Overview

What is Time Traveling?
Time traveling in data systems means being able to query or reconstruct your data as it existed at any point in the past. This is useful for many scenarios, such as auditing, debugging, compliance, and analytics.
Use Case | Example |
---|---|
Business process reconstruction | See the full lifecycle of a loan application, including every approval, rejection, and amendment, to resolve disputes or meet regulations |
Point-in-time state diffing | Show exactly what changed in a customer’s profile or account settings between two points in time for support or compliance reviews |
Simulation and what-if analysis | Simulate the impact of a pricing change or business rule adjustment by replaying all related product and sales events to see how outcomes would differ |
Business event tracing | Audit the sequence of business events for a transaction (order placed, payment received, shipment sent, delivery confirmed) to verify SLAs or investigate complaints |
Timeline-Based State Inspection | Let users view a timeline of how their account or order changed, with each step tied to a business event (like address updated, item added, return requested) |
Temporal aggregate calculation | Track how total sales for a product changed over time by calculating monthly sales at the end of each month |
Time Traveling with Traditional Approaches
Traditional databases struggle with historical queries because they are designed to store only the current state. Retrieving or reconstructing previous versions often requires extra mechanisms like audit logs, snapshots, or CDC with time-partitioned data lakes. These approaches add complexity, slow down queries, and may not always provide a complete or reliable view of historical data.
Audit Logs
Audit logs are a common approach in traditional databases for tracking changes. They record each modification as a new entry in a separate log table, typically including details such as who made the change, when it occurred, and what operation was performed.
Advantages:
- Provide a detailed record of changes.
- Can answer questions about who changed what and when.
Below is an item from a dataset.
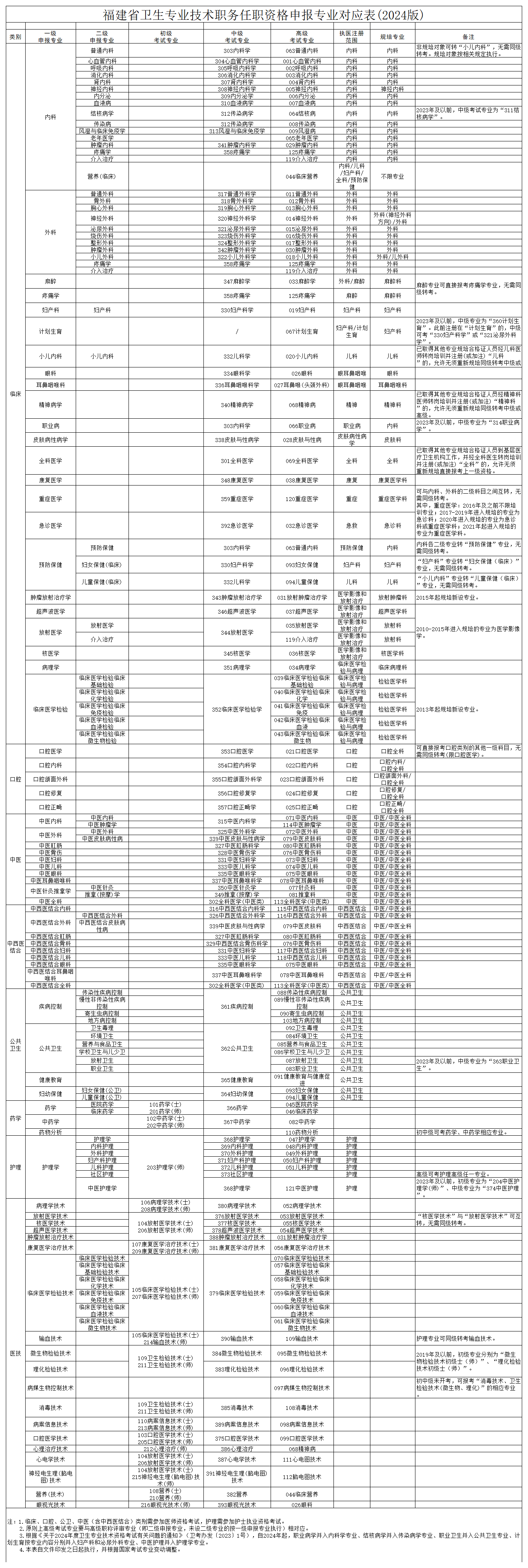 2024年考生參考!福建衛(wèi)生專業(yè)技術(shù)職務(wù)任職資格申報(bào)專業(yè)對應(yīng)表(2024版)

- Useful for meeting regulatory requirements for tracking changes.
Limitations:
- Audit logs are separate from main data, risking inconsistencies if not commited together.
- Often capture only high-level operations.
- Gaps or missed events make it difficult to reconstruct past states.
Snapshots
Snapshots are another traditional method for preserving historical data. A snapshot captures the entire state of a table or dataset at a specific point in time, often on a scheduled basis (e.g., nightly or weekly), and stores it as a separate copy.
Advantages:
- Provide a complete view of data.
- Useful for restoring data after accident.
- Easy to implement without major changes to existing applications.
Limitations:
- Snapshots are taken infrequently.
- Storage requirements can be high.
- Snapshots lack a detailed audit trail of individual changes.
Change Data Capture (CDC) and Data Lake
Change Data Capture (CDC) is a technique that tracks and records changes (inserts, updates, deletes) in source databases and delivers them to downstream systems, often storing them in time-partitioned data lakes for analytics and historical queries.
Advantages:
- Captures detailed change events, enabling near real-time replication and analytics.
- Supports integration with data warehouses and lakes for large-scale historical analysis.
- Can be used to build audit trails and reconstruct state changes over time.
Limitations:
- CDC pipelines add operational complexity and require many moving parts
- Do not persist the actual change from the source, so lost events mean state can't be reliably reconstructed.
- Captured changes are usually low-level and technical, making business intent unclear.
Time Traveling with KurrentDB
KurrentDB makes time travel simple by recording every change as an immutable, ordered event. This lets you accurately reconstruct any previous state, making historical queries, audits, and analysis straightforward without complex workarounds.
KurrentDB makes this possible because:
- It stores every change as an immutable event, preserving a complete and accurate history.
- It allows event streams to be replayed at any time for simulation, testing, and debugging—even far into the future.
- Its historical event log is naturally suited for regulatory and compliance needs, making audits and reporting straightforward.
- It supports outbox pattern out of the box, ensuring reliable delivery of historical events to downstream systems.
- It promotes events are modeled around business intent, providing clear context for historical queries.
- Events are small and focused, making them efficient to store and process.
- It handles storage, indexing, and pushing events natively, reducing the need for extra components in your time travel solution.
How to Time Travel with KurrentDB
- Store events in ordered streams: Record every relevant change as an event in KurrentDB, ensuring events are stored in the order they occurred.
- Replay events on-demand: Replay all the relevant events from stream up to the desired timestamp or version.
- Pre-compute state for efficiency: For objects with long histories or frequent queries, you can periodically store snapshots of state. This reduces the number of events that need to be replayed for common queries.
KurrentDB’s approach makes time travel queries reliable, flexible, and efficient, supporting both detailed investigations and high-performance analytics.